The skinny on proposed skinny jeans regulations at NHC schools

The New Hanover County School System is considering regulations on skinny jeans and leggings.  (Source: Wikimedia Commons) The New Hanover County School System is considering regulations on skinny jeans and leggings. (Source: Wikimedia Commons)
NEW HANOVER COUNTY, NC (WECT) -

The New Hanover County School System is asking for opinions and feedback when it comes to making changes to the school system’s dress code policy and some students are taking to social media with their thoughts and feelings.

The system is in the process of reviewing the current dress code.

Proposed changes made at a meeting on April 5 are drawing some negative feedback from students.

According to online documents, the school system may prohibit students from wearing leggings, skinny jeans, and any other excessively tight fitting pants, unless they are covered by a top or dress. The top or dress must cover the posterior in its entirety. Dresses, skirts, skorts and other similar clothing garments must meet the same criteria.

If a student’s appearance violates the policy, the student will need to change.

If a student continues to break dress code, they could face an out-of-school suspension.

According to a school spokeswoman, officials are still in the process of collecting feedback so it can be presented to the school board.

“This method of collecting feedback may continue for gathering student input on future new/revised policies that directly impact students,” said NHC Schools spokeswoman Heather Miller.

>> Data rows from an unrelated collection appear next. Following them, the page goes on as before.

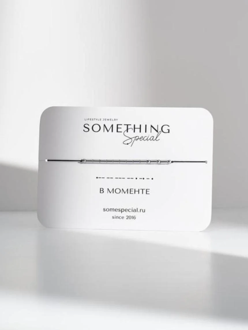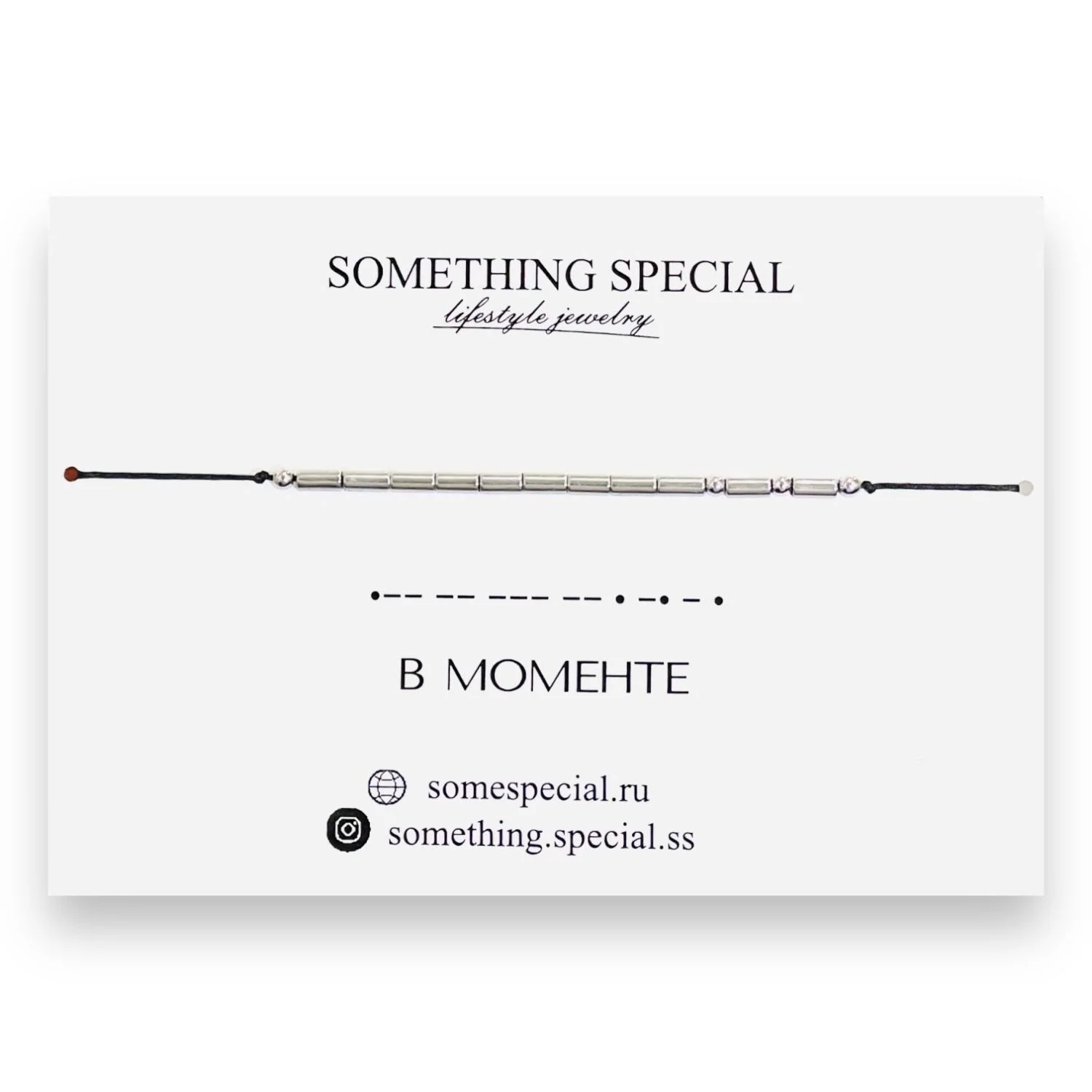 Браслет Something Special язык Морзе «В моменте» на чёрной нити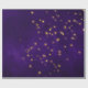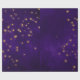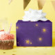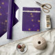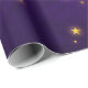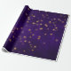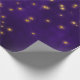 Lila och guld nödlidande förpackning papper med ljusa gyllene stjärnor.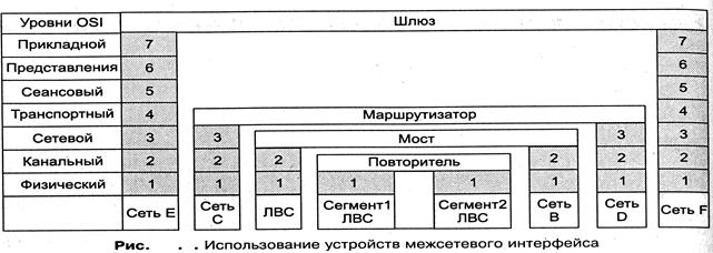 Использование устройств межсетевого интерфейса по уровням управления показано на рис. 10.1.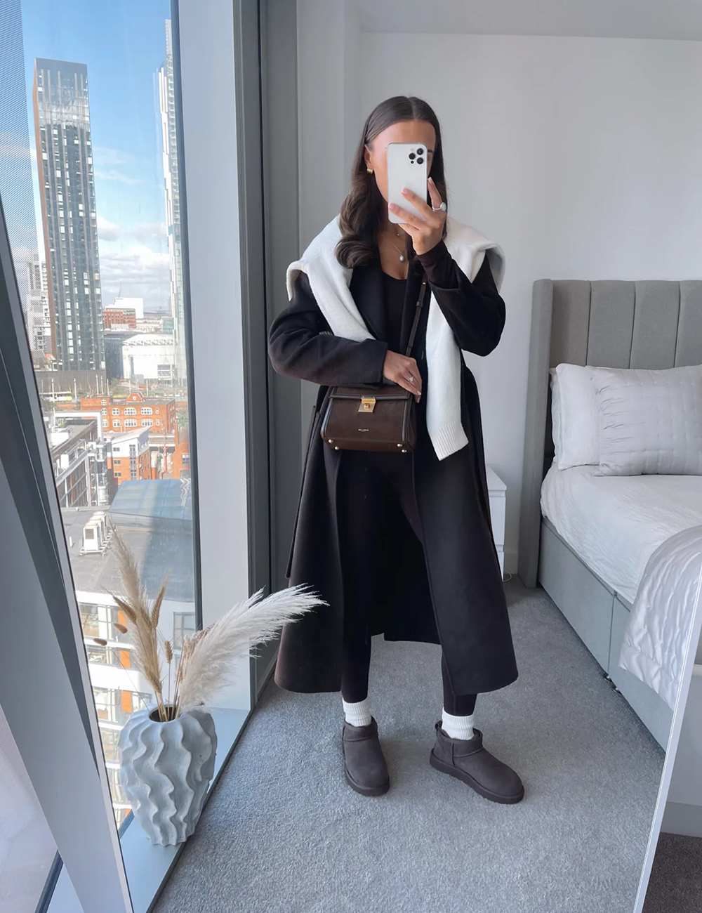 For running errands or grabbing coffee, cozy-casual everyday outfits are key. You can’t go wrong with pairing high-waisted leggings with an oversized wool sweater or cropped knit cardigan for cuteness and comfort. Chunky sneakers or UGG boots complete the slipped-into style, giving you an effortlessly cool aesthetic that only takes seconds to get right. For chillier days, throw on a super-puffer or oversized trench coat to add dimension to the outfit.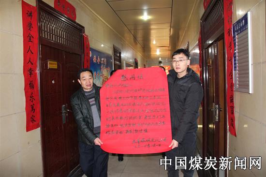 3月1日清早,阵阵欢庆的锣鼓声中,一张大红的慰问信送至陕煤铜川矿业玉华矿综采队学习室内,“你们攻坚克难,1-2月份创造了连续日产过万吨,建矿以来的历史最好成绩,向矿井交出了一份满意的答卷,有力提升了企业经济效益,我代表全矿上下向综采队干部职工表示感谢……”。随即,矿长岳东向大家鞠躬致意,学习室内爆发出热烈的掌声。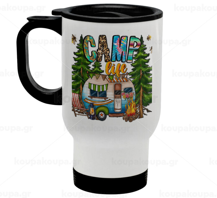 Camp Life, Stainless steel travel mug with lid, double wall white 450ml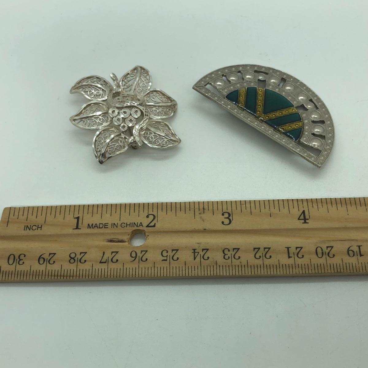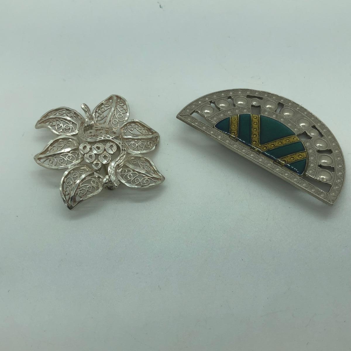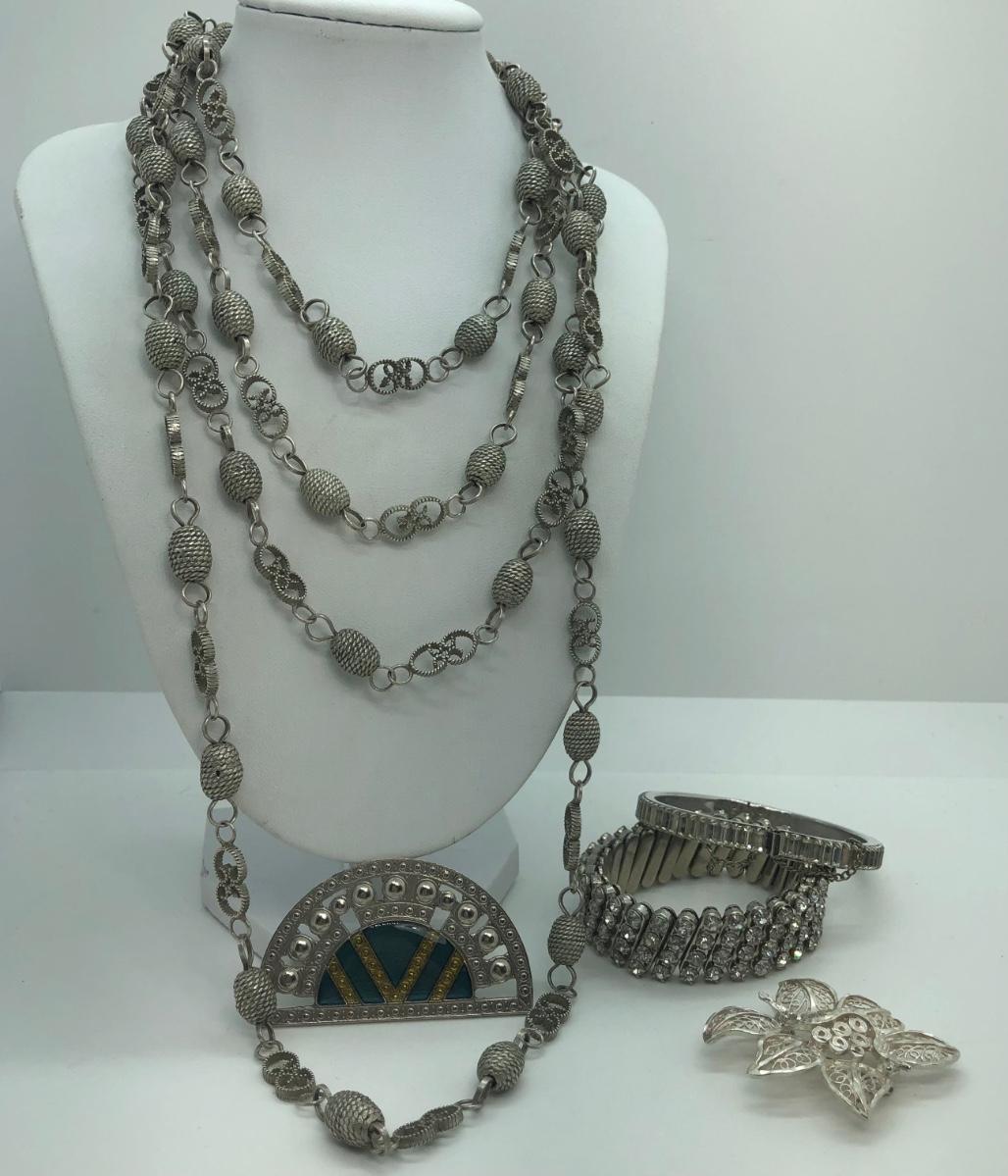 LOT 97M: Long Silvertone Necklace, Bracelets & Brooches

New Hanover County School Board Vice Chair Jeannette Nichols was not available for an on-camera interview, but she said one of the reasons behind the policy change was that some of the "bigger girls" were getting bullied because of their tight jeans. 

Macey Austin, Laney High School junior, was one of the first students to share her opinion on Twitter.

“I don’t think I saw one positive tweet toward the new policy," Austin said. “We were joking around about it in class. We were covering up our ‘posteriors’ with our shirts and were like ‘sorry is this distracting you?’”

Board of Education member Lisa Estep said student feedback will be crucial when considering the change.